> [TASK INPUT]:
= Beginning of Section =

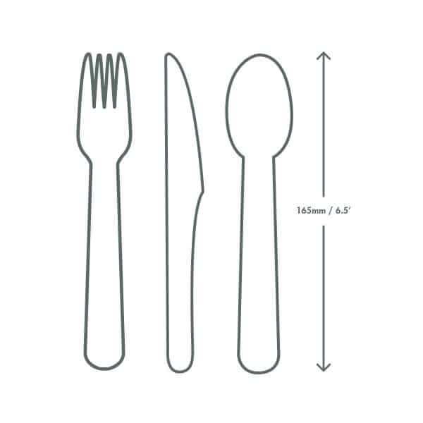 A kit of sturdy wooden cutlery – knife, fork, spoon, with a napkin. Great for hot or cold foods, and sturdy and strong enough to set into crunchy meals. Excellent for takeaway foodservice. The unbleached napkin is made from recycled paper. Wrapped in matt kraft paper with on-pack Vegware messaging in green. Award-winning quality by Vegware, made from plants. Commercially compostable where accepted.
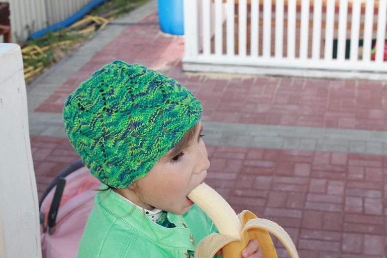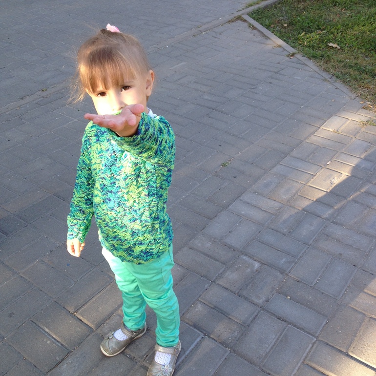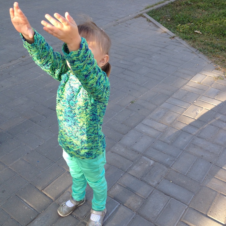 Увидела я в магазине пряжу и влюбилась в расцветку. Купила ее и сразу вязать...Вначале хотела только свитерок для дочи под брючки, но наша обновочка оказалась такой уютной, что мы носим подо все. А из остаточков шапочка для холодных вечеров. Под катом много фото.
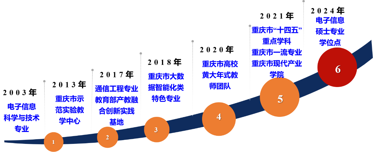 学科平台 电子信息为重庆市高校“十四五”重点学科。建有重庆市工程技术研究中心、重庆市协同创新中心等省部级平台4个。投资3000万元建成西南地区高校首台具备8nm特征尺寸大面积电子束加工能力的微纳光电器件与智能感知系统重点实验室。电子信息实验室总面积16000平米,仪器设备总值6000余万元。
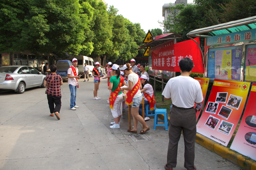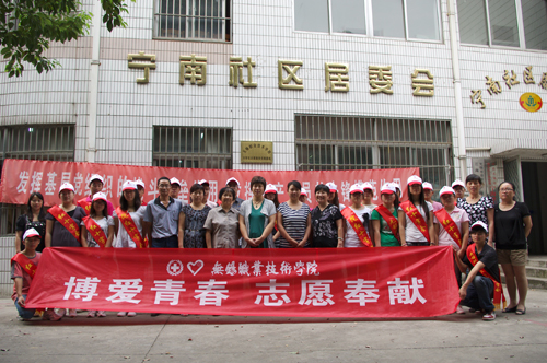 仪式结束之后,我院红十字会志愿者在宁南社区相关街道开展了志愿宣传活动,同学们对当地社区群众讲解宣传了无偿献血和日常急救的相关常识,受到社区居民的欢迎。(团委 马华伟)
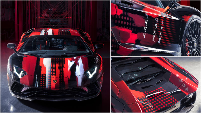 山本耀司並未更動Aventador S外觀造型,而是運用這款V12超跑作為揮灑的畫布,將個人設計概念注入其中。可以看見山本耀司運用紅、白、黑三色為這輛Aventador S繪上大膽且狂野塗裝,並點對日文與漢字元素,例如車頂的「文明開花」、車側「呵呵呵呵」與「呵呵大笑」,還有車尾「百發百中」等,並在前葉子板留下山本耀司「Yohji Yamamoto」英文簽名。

= End of Section =
= Beginning of Section =

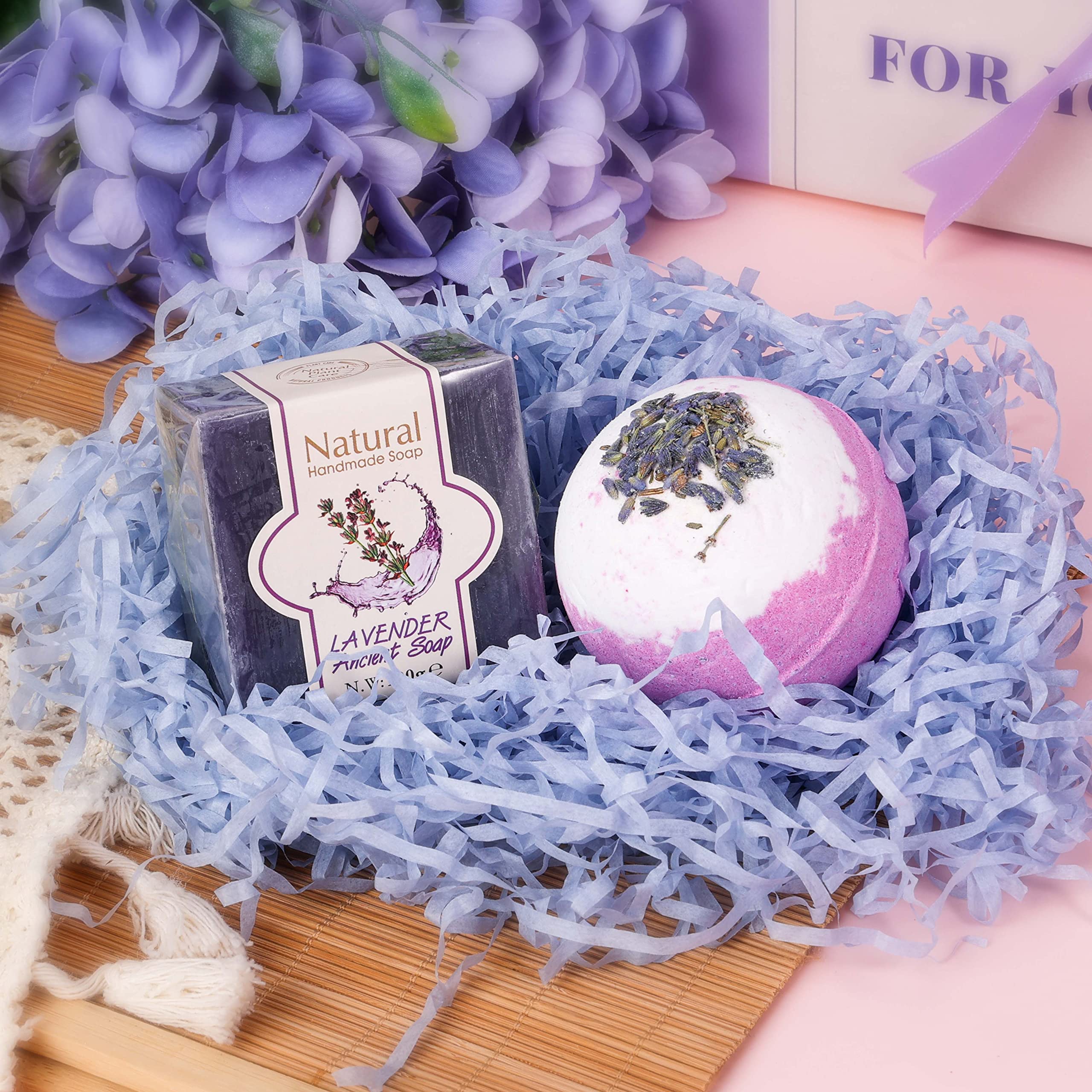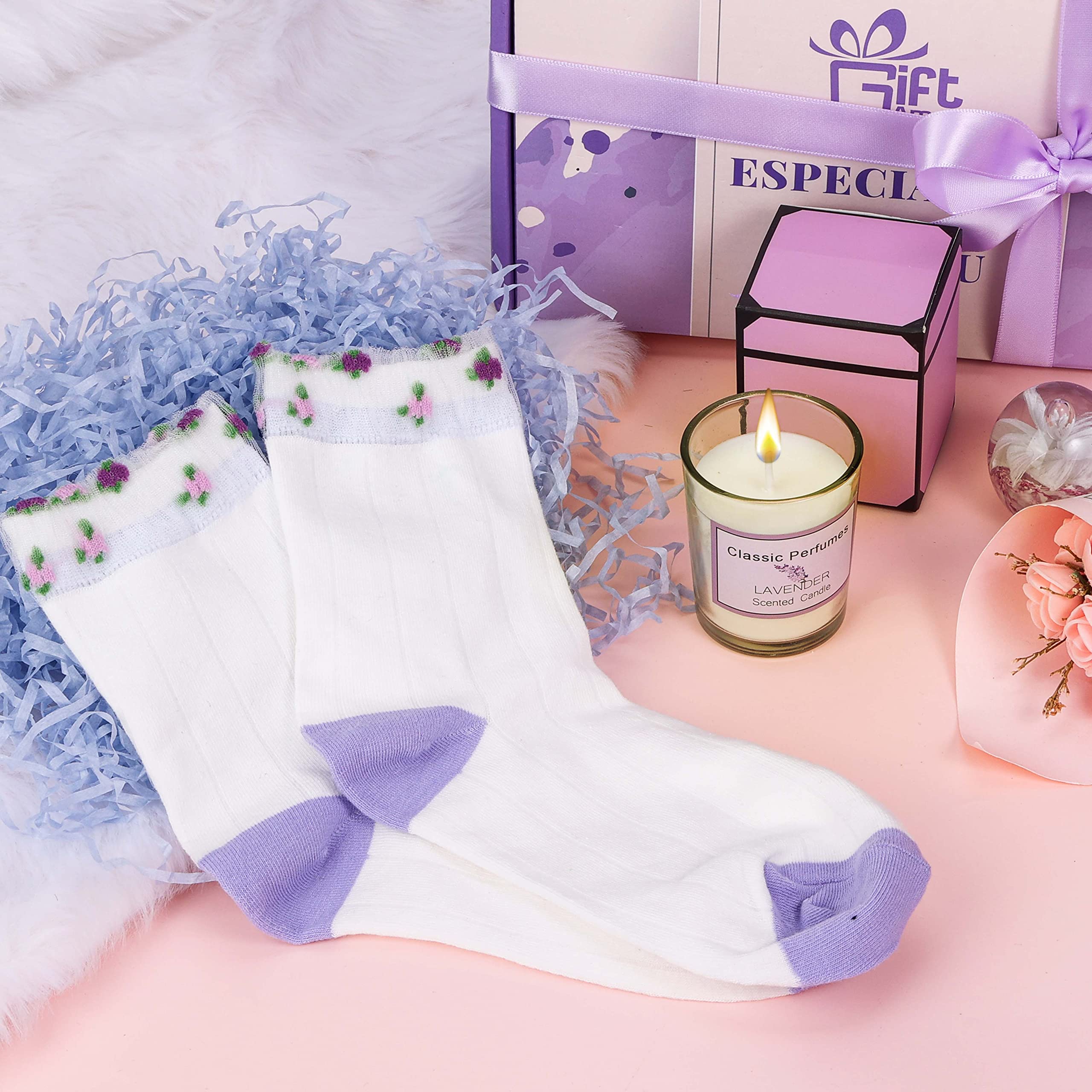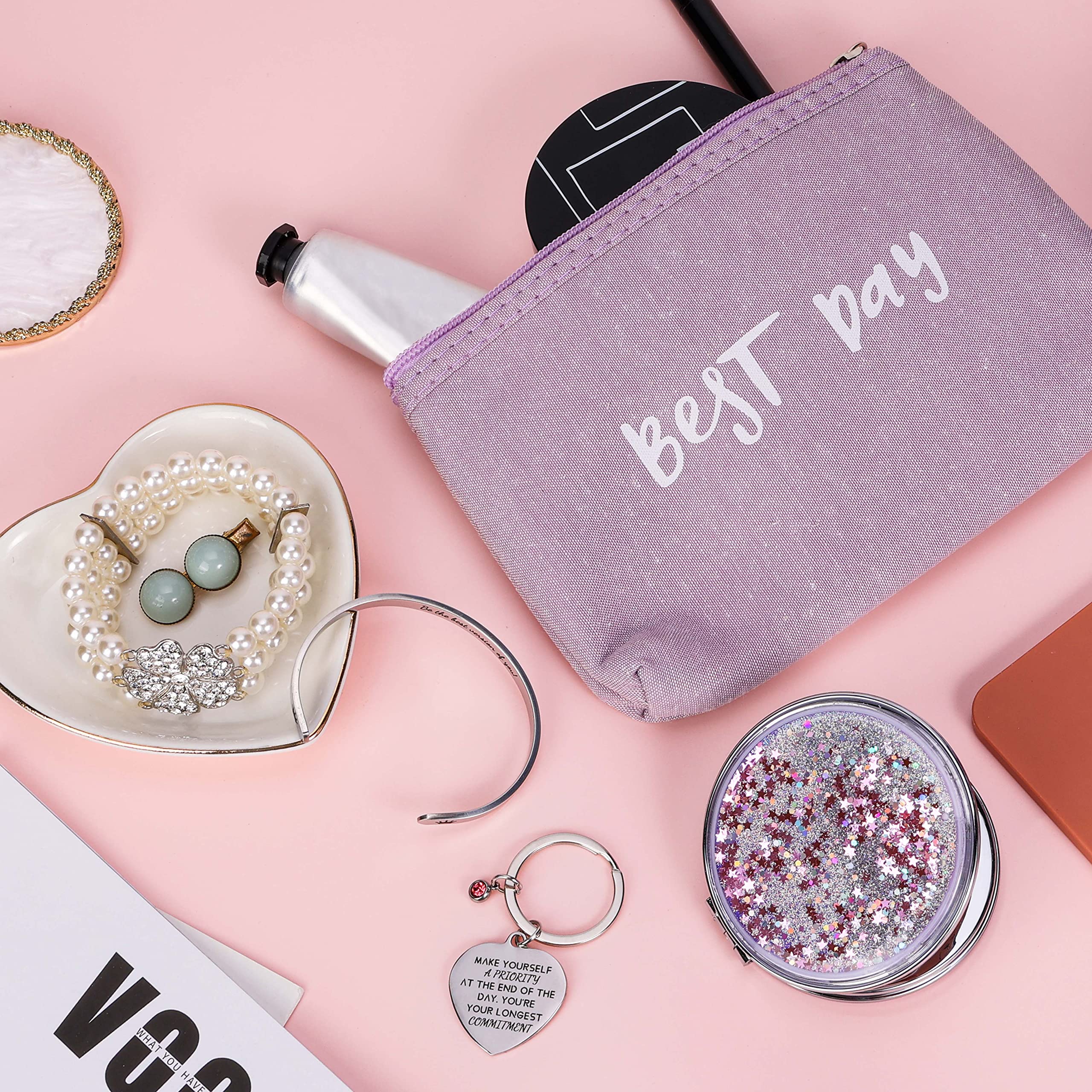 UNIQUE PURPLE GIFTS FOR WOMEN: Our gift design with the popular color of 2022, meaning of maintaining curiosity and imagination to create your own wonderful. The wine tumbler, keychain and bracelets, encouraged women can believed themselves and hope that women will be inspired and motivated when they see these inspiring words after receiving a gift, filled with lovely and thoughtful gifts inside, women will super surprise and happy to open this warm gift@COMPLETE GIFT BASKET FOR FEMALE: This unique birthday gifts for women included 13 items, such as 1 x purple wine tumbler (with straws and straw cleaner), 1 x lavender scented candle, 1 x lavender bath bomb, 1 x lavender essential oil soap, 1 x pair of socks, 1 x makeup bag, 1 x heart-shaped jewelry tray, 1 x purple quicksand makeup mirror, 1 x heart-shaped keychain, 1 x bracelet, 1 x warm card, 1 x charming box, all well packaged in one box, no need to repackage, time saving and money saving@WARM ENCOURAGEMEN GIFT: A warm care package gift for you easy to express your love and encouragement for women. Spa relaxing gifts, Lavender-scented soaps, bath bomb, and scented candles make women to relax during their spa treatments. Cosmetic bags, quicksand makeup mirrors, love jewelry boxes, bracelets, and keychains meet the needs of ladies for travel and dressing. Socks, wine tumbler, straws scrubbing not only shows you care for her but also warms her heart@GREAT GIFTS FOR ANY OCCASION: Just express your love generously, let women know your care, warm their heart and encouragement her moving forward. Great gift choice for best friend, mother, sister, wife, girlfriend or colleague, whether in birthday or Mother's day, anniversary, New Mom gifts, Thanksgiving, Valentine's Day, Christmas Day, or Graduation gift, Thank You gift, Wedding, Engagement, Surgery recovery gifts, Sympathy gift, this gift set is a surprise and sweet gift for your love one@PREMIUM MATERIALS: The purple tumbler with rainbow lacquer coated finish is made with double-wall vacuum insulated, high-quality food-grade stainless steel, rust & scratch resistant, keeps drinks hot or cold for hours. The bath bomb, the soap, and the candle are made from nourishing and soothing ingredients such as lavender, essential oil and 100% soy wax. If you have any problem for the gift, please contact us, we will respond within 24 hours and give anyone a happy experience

= End of Section =

> [REQUIREMENT]: All that should be printed is the run of lines above from the one with "A kit of sturdy" through the one with "Увидела я в", both included, exactly as given, with pictures left out.

> [SOLUTION TO THE EXERCISE]:
 A kit of sturdy wooden cutlery – knife, fork, spoon, with a napkin. Great for hot or cold foods, and sturdy and strong enough to set into crunchy meals. Excellent for takeaway foodservice. The unbleached napkin is made from recycled paper. Wrapped in matt kraft paper with on-pack Vegware messaging in green. Award-winning quality by Vegware, made from plants. Commercially compostable where accepted.
 Увидела я в магазине пряжу и влюбилась в расцветку. Купила ее и сразу вязать...Вначале хотела только свитерок для дочи под брючки, но наша обновочка оказалась такой уютной, что мы носим подо все. А из остаточков шапочка для холодных вечеров. Под катом много фото.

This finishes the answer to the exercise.